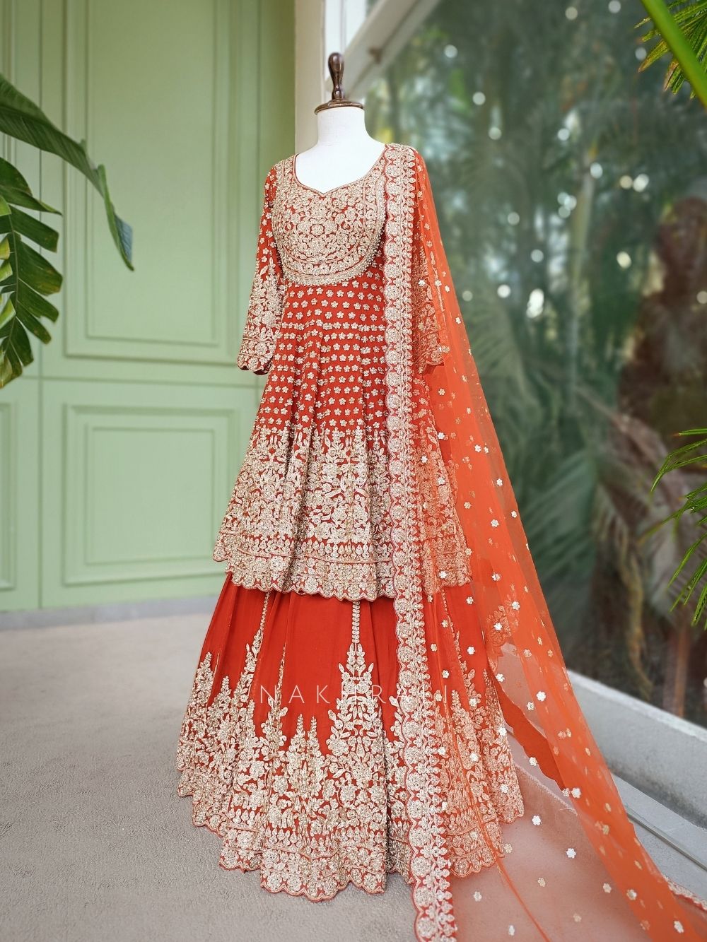This grand lehenga set showcases intricate Mughal floral jaal embroidery enriched with mirror and stone embellishments throughout. The blouse features dense neckline detailing with a deep back and dori tie-up, while the flared lehenga carries heavy border embroidery finished with scalloped edges. The matching dupatta is adorned with embroidered butis and an ornate border, creating a regal silhouette perfect for wedding celebrations and statement festive occasions.
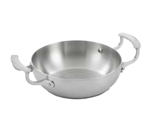 Miramar™ Display Cookware French Omelet Pan, 1-3/4 quart, 8" dia., 2-3/8"H, 3-ply construction, 18-8 stainless interior, 18-0 stainless exterior, 3004 aluminum core bottom & side walls, satin finish interior & exterior with mirror finish welded handles, for use with gas, electric or induction ranges, NSF, imported, Jacob's Pride® Collection, Limited Lifetime Warranty (cover sold separately) (Refer to vollrathfoodservice.com for full warranty policy)
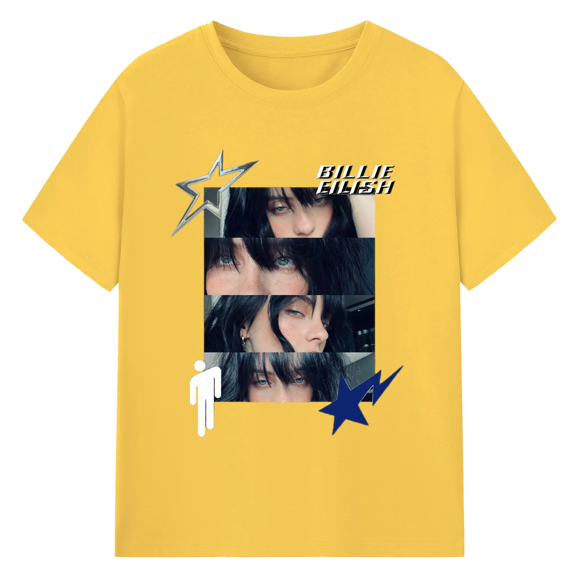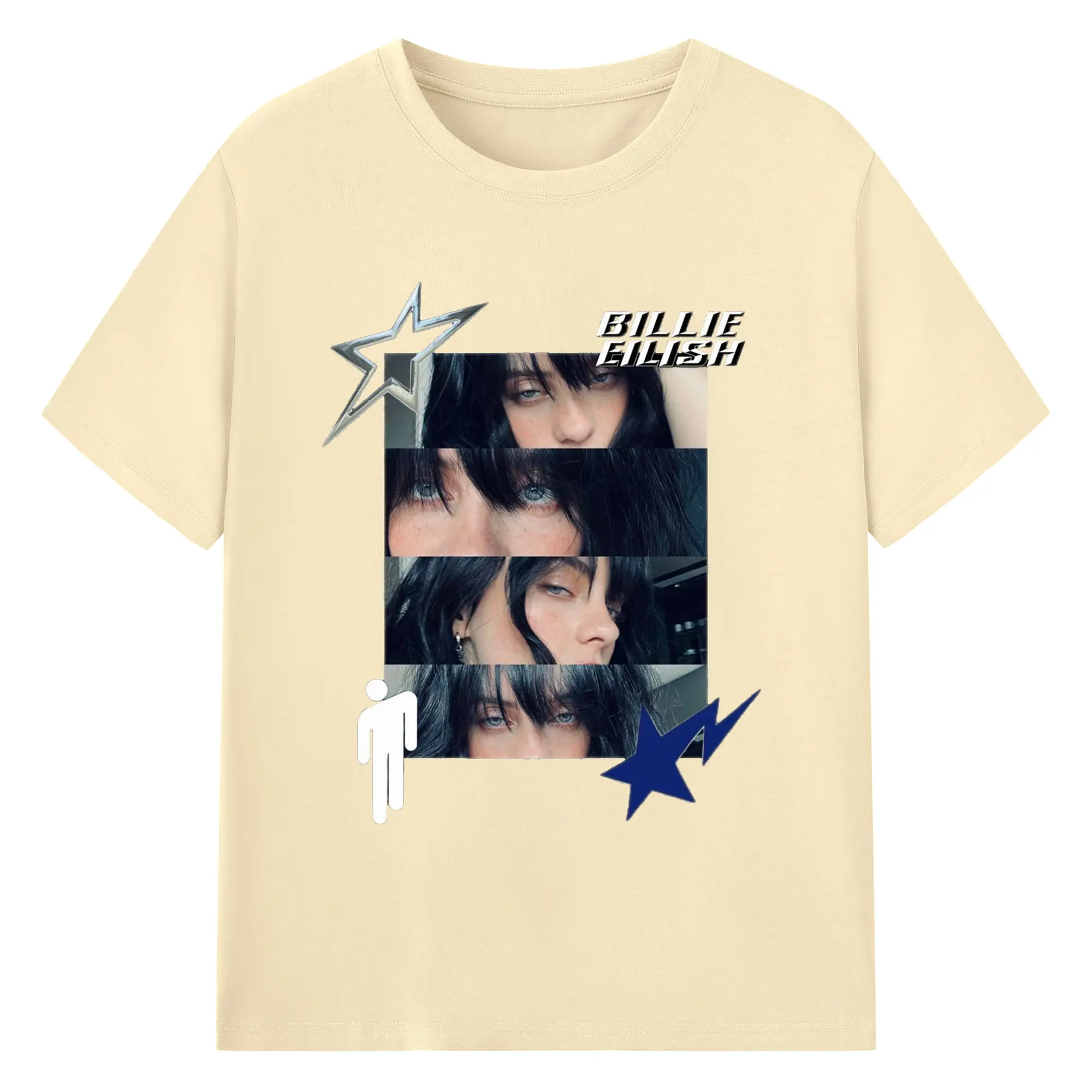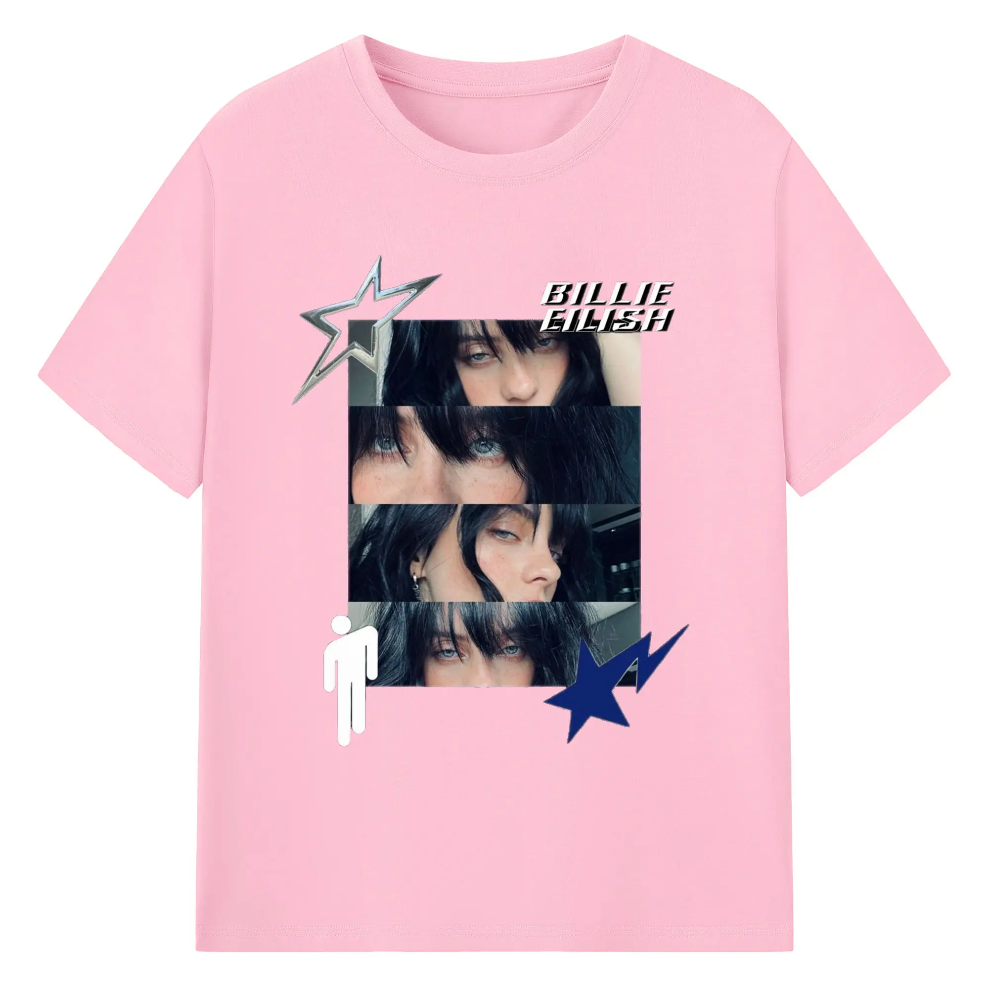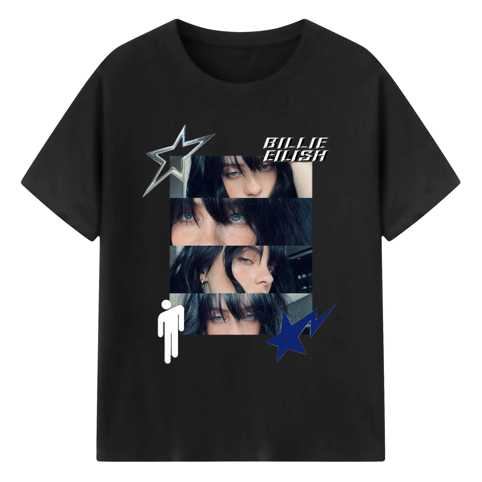 Billie Eilish Minimalist Star Collage DIY - 180g Cotton T-Shirt With Front Heat Transfer Print – Soft, Lightweight, Fitted Design – Comfortable Casual Wear For Sports & Everyday Use
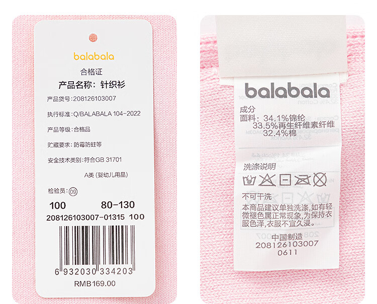 巴拉巴拉【balaOne】童装儿童毛衫女童2026春秋甜美时尚上衣
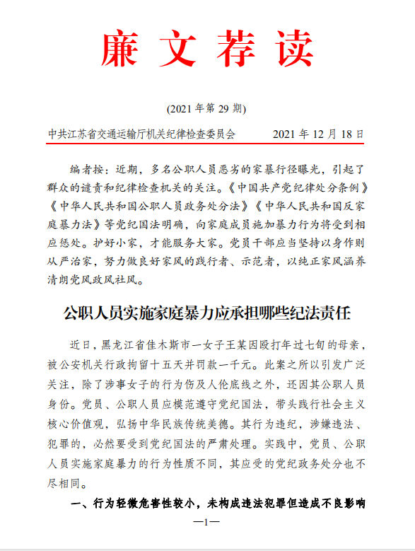 2021年廉文薦讀第29期——公職人員實施家庭暴力應承擔哪些紀法責任

##########

Using the records above, output their complete text exactly, minus any images.

This grand lehenga set showcases intricate Mughal floral jaal embroidery enriched with mirror and stone embellishments throughout. The blouse features dense neckline detailing with a deep back and dori tie-up, while the flared lehenga carries heavy border embroidery finished with scalloped edges. The matching dupatta is adorned with embroidered butis and an ornate border, creating a regal silhouette perfect for wedding celebrations and statement festive occasions.
 Miramar™ Display Cookware French Omelet Pan, 1-3/4 quart, 8" dia., 2-3/8"H, 3-ply construction, 18-8 stainless interior, 18-0 stainless exterior, 3004 aluminum core bottom & side walls, satin finish interior & exterior with mirror finish welded handles, for use with gas, electric or induction ranges, NSF, imported, Jacob's Pride® Collection, Limited Lifetime Warranty (cover sold separately) (Refer to vollrathfoodservice.com for full warranty policy)
 Billie Eilish Minimalist Star Collage DIY - 180g Cotton T-Shirt With Front Heat Transfer Print – Soft, Lightweight, Fitted Design – Comfortable Casual Wear For Sports & Everyday Use
 巴拉巴拉【balaOne】童装儿童毛衫女童2026春秋甜美时尚上衣
 2021年廉文薦讀第29期——公職人員實施家庭暴力應承擔哪些紀法責任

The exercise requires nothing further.